**EXERCISE GOAL:**
Your copy should begin with the line containing "Título: El plan", end with the line containing "大岩には水場から1時間で着く", match the listing below exactly, and contain no pictures.

**RAW DATA:**
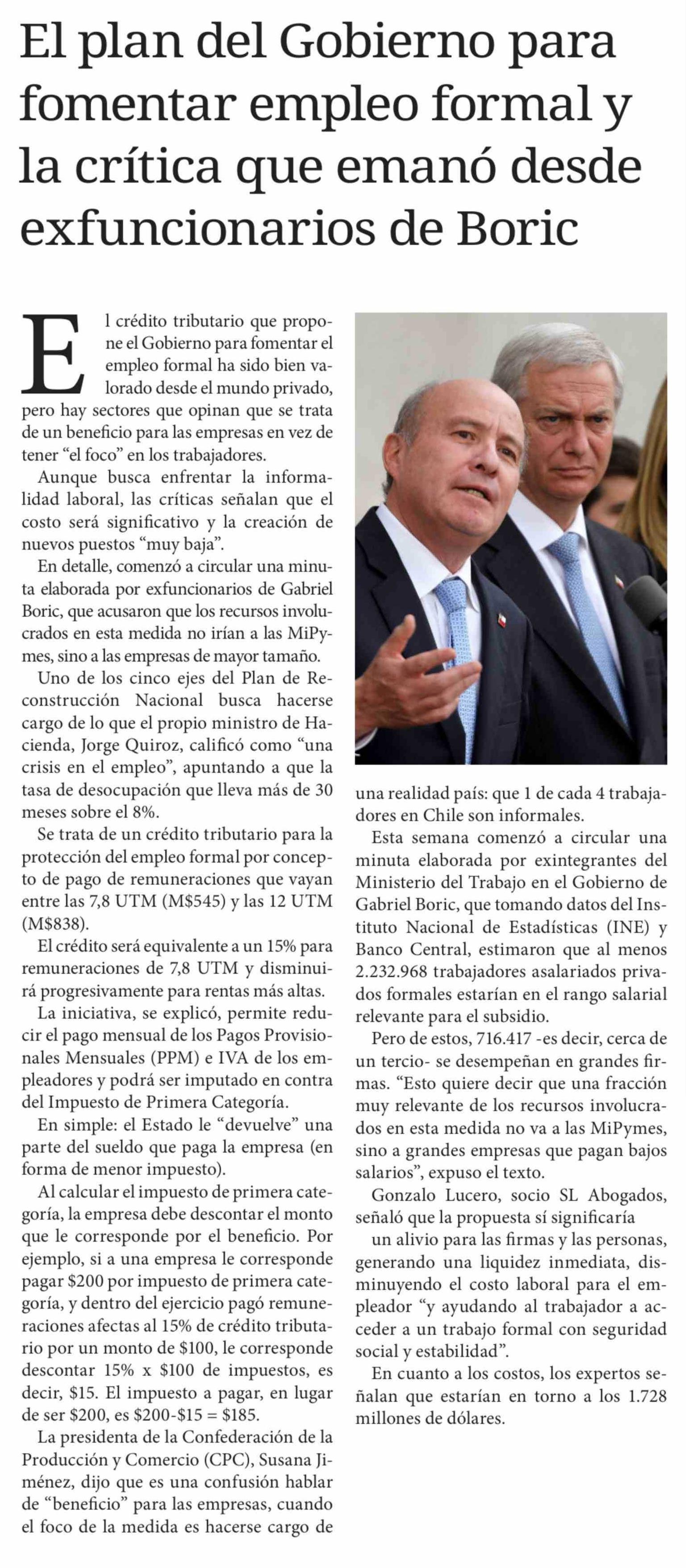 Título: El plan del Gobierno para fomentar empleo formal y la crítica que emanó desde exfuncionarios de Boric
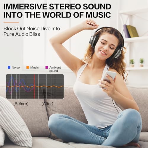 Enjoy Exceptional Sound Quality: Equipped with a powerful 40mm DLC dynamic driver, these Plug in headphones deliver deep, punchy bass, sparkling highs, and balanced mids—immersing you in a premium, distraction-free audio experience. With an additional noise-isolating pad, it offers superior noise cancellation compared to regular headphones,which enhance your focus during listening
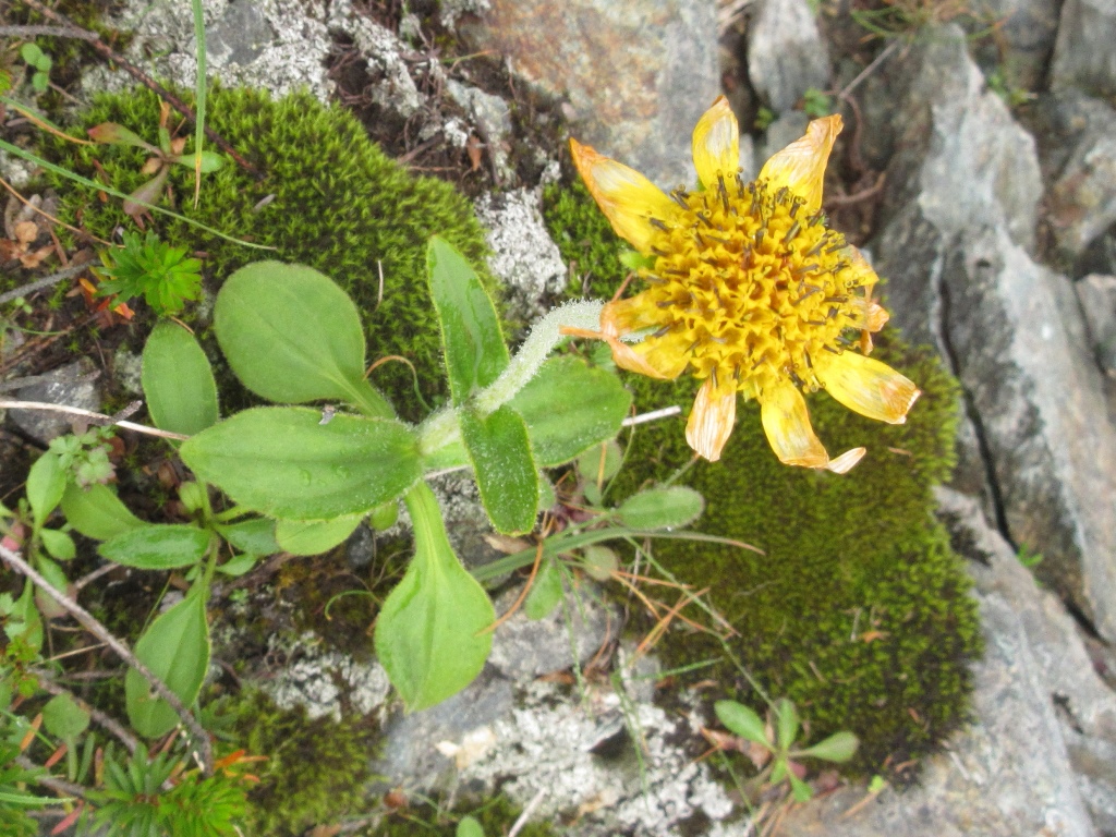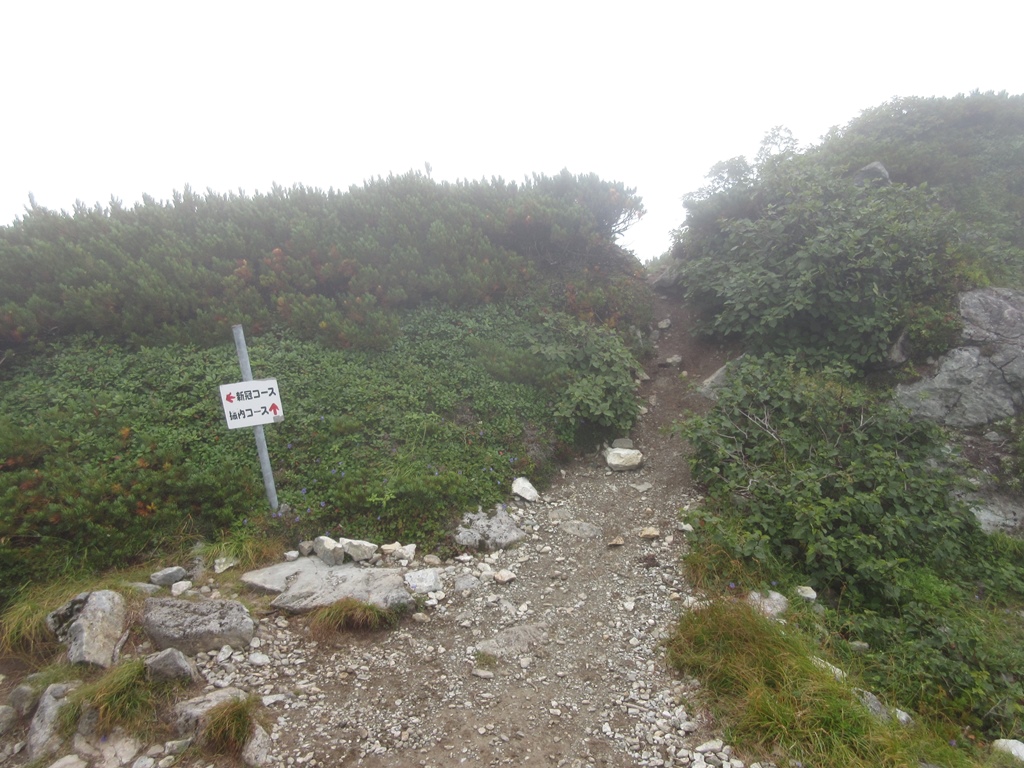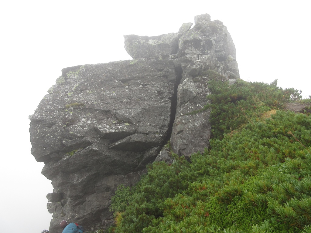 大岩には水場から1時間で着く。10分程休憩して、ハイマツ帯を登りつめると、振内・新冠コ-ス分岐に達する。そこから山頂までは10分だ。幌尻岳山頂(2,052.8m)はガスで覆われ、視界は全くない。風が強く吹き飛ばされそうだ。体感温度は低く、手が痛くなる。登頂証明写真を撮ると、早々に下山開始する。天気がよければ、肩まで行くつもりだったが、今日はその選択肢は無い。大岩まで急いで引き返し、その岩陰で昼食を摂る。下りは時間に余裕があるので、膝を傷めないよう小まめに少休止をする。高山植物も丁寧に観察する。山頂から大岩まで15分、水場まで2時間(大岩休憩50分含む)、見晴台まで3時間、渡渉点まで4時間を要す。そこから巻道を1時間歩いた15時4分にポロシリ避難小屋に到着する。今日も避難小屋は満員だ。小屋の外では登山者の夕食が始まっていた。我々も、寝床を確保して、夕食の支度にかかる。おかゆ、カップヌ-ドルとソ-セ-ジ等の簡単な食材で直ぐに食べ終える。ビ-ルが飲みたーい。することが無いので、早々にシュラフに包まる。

...

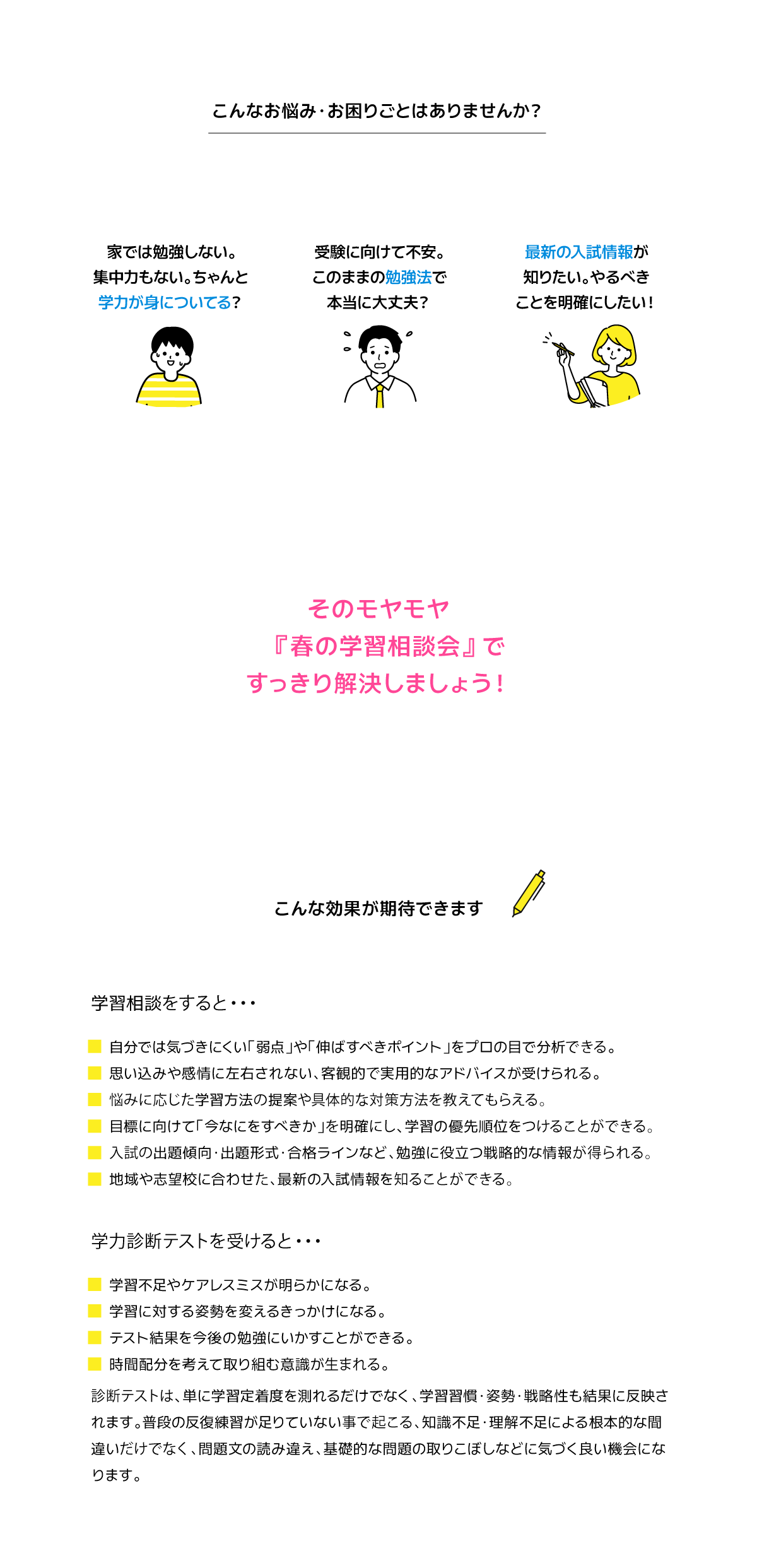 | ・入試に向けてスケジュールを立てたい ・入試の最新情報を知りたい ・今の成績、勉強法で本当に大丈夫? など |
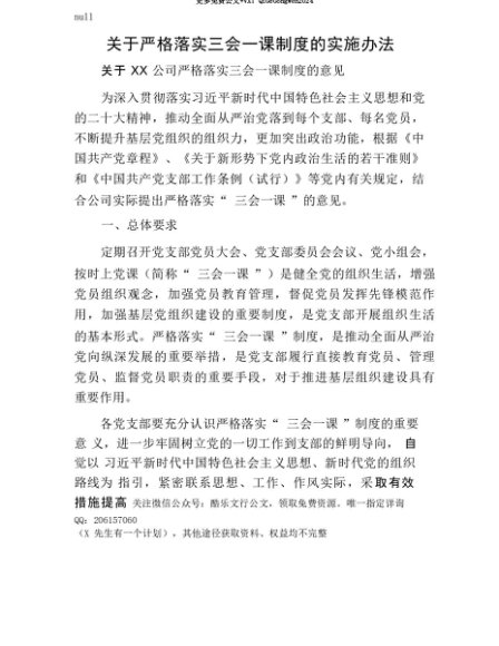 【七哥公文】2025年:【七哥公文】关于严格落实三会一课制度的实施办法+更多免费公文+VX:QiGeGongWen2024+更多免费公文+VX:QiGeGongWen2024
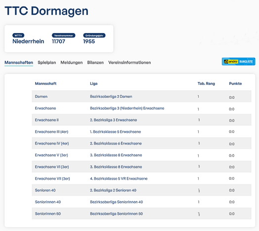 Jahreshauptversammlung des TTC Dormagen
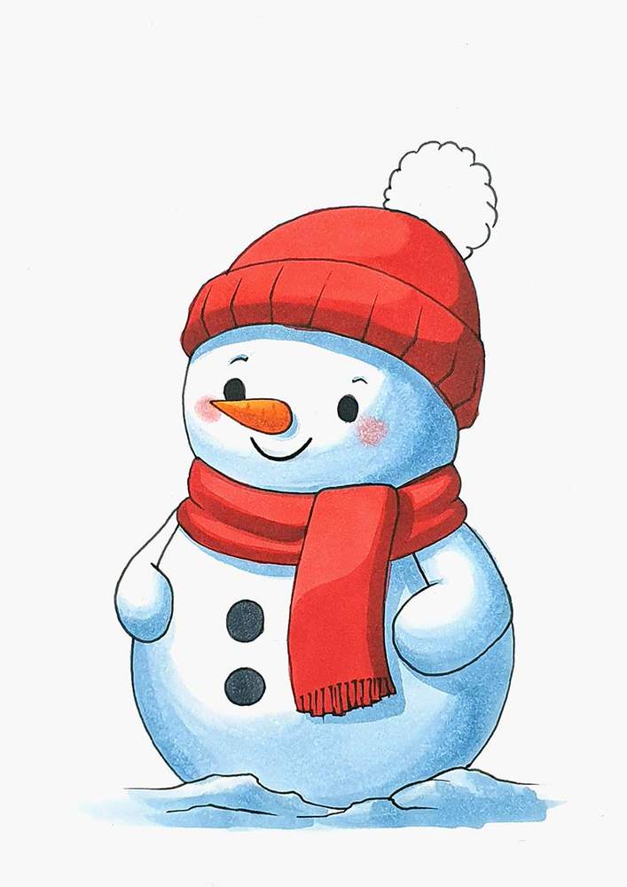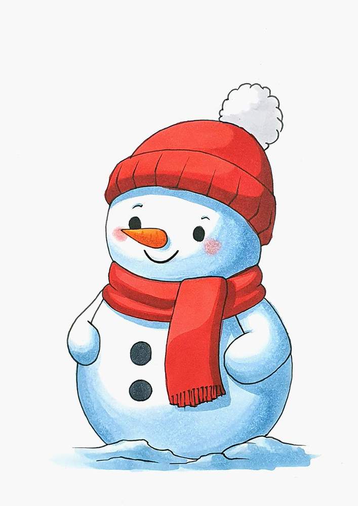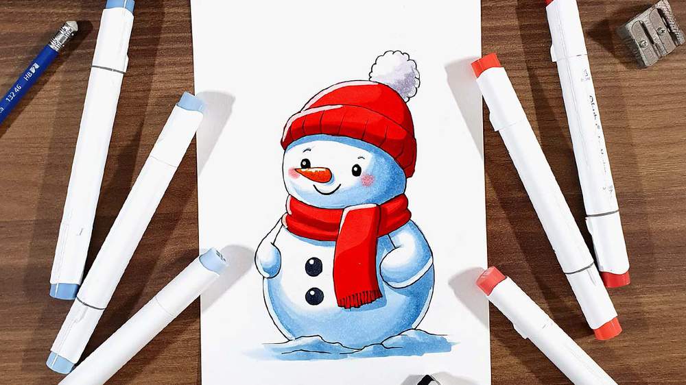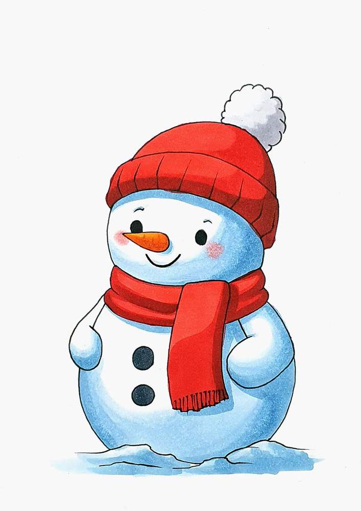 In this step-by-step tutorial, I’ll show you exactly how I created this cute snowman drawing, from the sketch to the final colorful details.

--

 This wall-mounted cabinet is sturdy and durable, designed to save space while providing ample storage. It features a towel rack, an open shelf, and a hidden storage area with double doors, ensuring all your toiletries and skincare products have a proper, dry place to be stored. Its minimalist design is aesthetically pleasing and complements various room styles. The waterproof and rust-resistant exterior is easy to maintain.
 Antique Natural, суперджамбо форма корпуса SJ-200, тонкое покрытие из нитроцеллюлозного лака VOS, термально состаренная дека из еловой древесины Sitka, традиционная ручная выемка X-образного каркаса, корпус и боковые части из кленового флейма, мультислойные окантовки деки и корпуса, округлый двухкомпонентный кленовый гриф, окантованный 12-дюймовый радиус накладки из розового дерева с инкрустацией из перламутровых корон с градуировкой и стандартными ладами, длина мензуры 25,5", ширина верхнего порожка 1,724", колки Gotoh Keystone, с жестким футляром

**SOLUTION TO THIS PROBLEM:**
 Título: El plan del Gobierno para fomentar empleo formal y la crítica que emanó desde exfuncionarios de Boric
 Enjoy Exceptional Sound Quality: Equipped with a powerful 40mm DLC dynamic driver, these Plug in headphones deliver deep, punchy bass, sparkling highs, and balanced mids—immersing you in a premium, distraction-free audio experience. With an additional noise-isolating pad, it offers superior noise cancellation compared to regular headphones,which enhance your focus during listening
 大岩には水場から1時間で着く。10分程休憩して、ハイマツ帯を登りつめると、振内・新冠コ-ス分岐に達する。そこから山頂までは10分だ。幌尻岳山頂(2,052.8m)はガスで覆われ、視界は全くない。風が強く吹き飛ばされそうだ。体感温度は低く、手が痛くなる。登頂証明写真を撮ると、早々に下山開始する。天気がよければ、肩まで行くつもりだったが、今日はその選択肢は無い。大岩まで急いで引き返し、その岩陰で昼食を摂る。下りは時間に余裕があるので、膝を傷めないよう小まめに少休止をする。高山植物も丁寧に観察する。山頂から大岩まで15分、水場まで2時間(大岩休憩50分含む)、見晴台まで3時間、渡渉点まで4時間を要す。そこから巻道を1時間歩いた15時4分にポロシリ避難小屋に到着する。今日も避難小屋は満員だ。小屋の外では登山者の夕食が始まっていた。我々も、寝床を確保して、夕食の支度にかかる。おかゆ、カップヌ-ドルとソ-セ-ジ等の簡単な食材で直ぐに食べ終える。ビ-ルが飲みたーい。することが無いので、早々にシュラフに包まる。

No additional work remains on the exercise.